**Provided material:**
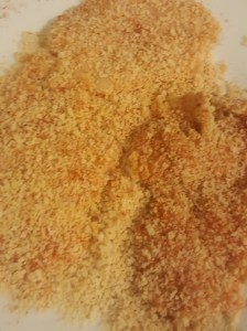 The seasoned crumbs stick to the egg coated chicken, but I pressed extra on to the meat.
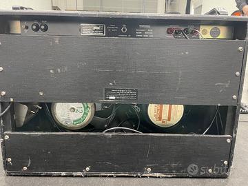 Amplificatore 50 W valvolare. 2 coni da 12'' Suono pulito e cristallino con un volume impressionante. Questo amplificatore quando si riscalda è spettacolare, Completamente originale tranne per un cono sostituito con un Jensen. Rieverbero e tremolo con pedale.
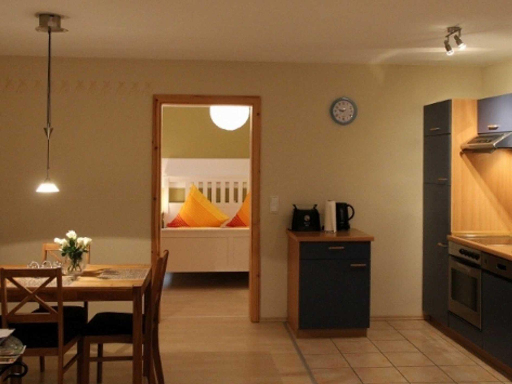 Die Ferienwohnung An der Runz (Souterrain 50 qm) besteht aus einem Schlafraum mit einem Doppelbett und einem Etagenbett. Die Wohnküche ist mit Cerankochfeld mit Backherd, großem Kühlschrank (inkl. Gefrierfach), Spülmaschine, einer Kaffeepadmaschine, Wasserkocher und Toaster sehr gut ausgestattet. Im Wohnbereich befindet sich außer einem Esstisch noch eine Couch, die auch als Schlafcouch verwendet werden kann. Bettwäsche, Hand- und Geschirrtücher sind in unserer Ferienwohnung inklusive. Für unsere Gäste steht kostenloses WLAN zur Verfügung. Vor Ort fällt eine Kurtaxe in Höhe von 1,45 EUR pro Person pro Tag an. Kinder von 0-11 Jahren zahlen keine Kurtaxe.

**Your objective:**
Please write the material out again exactly as shown above, minus any pictures.

**Task result:**
 The seasoned crumbs stick to the egg coated chicken, but I pressed extra on to the meat.
 Amplificatore 50 W valvolare. 2 coni da 12'' Suono pulito e cristallino con un volume impressionante. Questo amplificatore quando si riscalda è spettacolare, Completamente originale tranne per un cono sostituito con un Jensen. Rieverbero e tremolo con pedale.
 Die Ferienwohnung An der Runz (Souterrain 50 qm) besteht aus einem Schlafraum mit einem Doppelbett und einem Etagenbett. Die Wohnküche ist mit Cerankochfeld mit Backherd, großem Kühlschrank (inkl. Gefrierfach), Spülmaschine, einer Kaffeepadmaschine, Wasserkocher und Toaster sehr gut ausgestattet. Im Wohnbereich befindet sich außer einem Esstisch noch eine Couch, die auch als Schlafcouch verwendet werden kann. Bettwäsche, Hand- und Geschirrtücher sind in unserer Ferienwohnung inklusive. Für unsere Gäste steht kostenloses WLAN zur Verfügung. Vor Ort fällt eine Kurtaxe in Höhe von 1,45 EUR pro Person pro Tag an. Kinder von 0-11 Jahren zahlen keine Kurtaxe.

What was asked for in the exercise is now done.